- _Records to use_
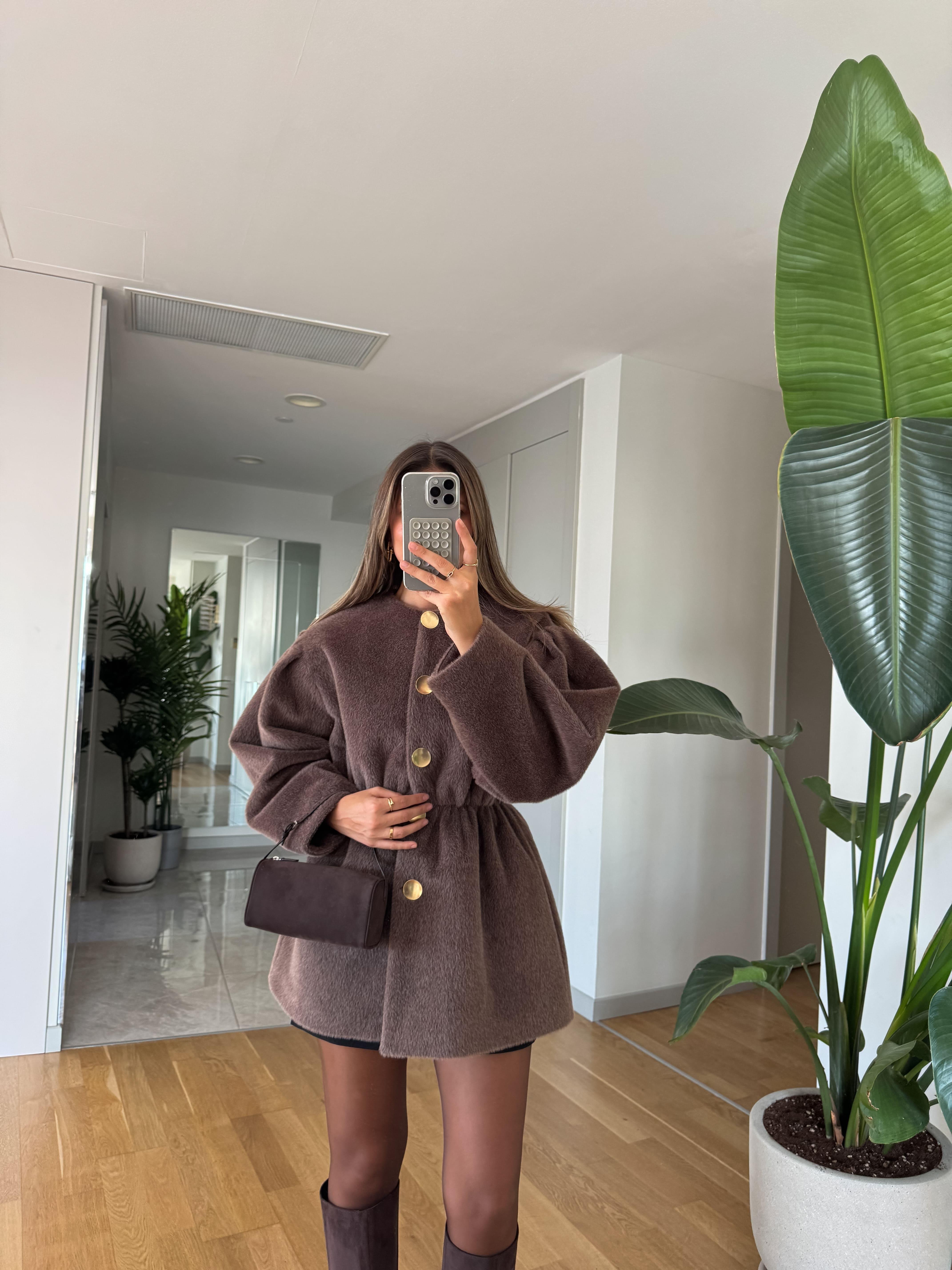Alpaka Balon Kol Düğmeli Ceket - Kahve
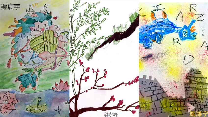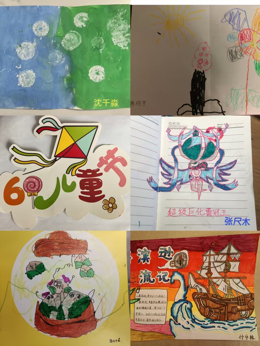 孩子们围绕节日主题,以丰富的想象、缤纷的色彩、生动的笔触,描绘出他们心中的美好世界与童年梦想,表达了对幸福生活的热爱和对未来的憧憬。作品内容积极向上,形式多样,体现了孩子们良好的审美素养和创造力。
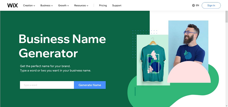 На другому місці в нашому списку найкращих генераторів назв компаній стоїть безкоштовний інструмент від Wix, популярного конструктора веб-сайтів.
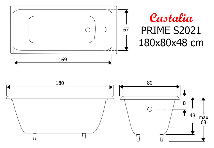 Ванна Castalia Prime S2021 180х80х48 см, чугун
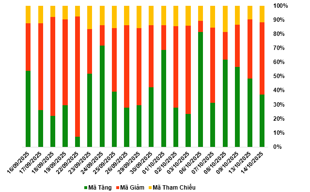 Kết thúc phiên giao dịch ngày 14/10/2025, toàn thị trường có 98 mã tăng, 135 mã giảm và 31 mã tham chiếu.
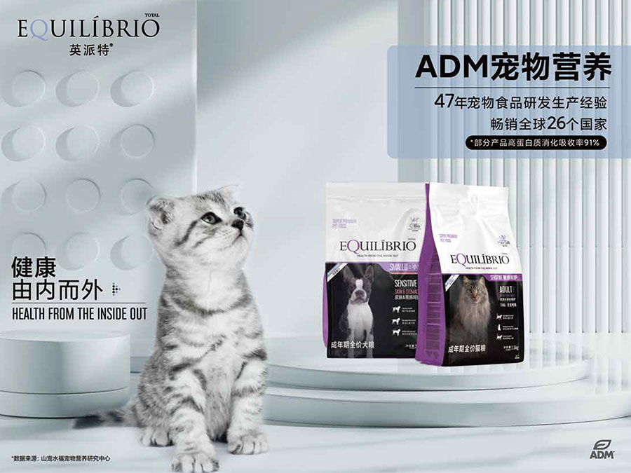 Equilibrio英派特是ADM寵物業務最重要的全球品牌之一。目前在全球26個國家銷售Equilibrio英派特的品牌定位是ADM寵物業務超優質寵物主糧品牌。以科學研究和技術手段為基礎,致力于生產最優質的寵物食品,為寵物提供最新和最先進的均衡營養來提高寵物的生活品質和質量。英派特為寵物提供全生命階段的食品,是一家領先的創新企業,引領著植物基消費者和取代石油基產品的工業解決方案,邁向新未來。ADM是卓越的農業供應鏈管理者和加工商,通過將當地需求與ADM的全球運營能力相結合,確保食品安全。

- _What needs to be done_
Images are to be left out; everything else in the material must be written out exactly.

- _Exercise response_
Alpaka Balon Kol Düğmeli Ceket - Kahve
 孩子们围绕节日主题,以丰富的想象、缤纷的色彩、生动的笔触,描绘出他们心中的美好世界与童年梦想,表达了对幸福生活的热爱和对未来的憧憬。作品内容积极向上,形式多样,体现了孩子们良好的审美素养和创造力。
 На другому місці в нашому списку найкращих генераторів назв компаній стоїть безкоштовний інструмент від Wix, популярного конструктора веб-сайтів.
 Ванна Castalia Prime S2021 180х80х48 см, чугун
 Kết thúc phiên giao dịch ngày 14/10/2025, toàn thị trường có 98 mã tăng, 135 mã giảm và 31 mã tham chiếu.
 Equilibrio英派特是ADM寵物業務最重要的全球品牌之一。目前在全球26個國家銷售Equilibrio英派特的品牌定位是ADM寵物業務超優質寵物主糧品牌。以科學研究和技術手段為基礎,致力于生產最優質的寵物食品,為寵物提供最新和最先進的均衡營養來提高寵物的生活品質和質量。英派特為寵物提供全生命階段的食品,是一家領先的創新企業,引領著植物基消費者和取代石油基產品的工業解決方案,邁向新未來。ADM是卓越的農業供應鏈管理者和加工商,通過將當地需求與ADM的全球運營能力相結合,確保食品安全。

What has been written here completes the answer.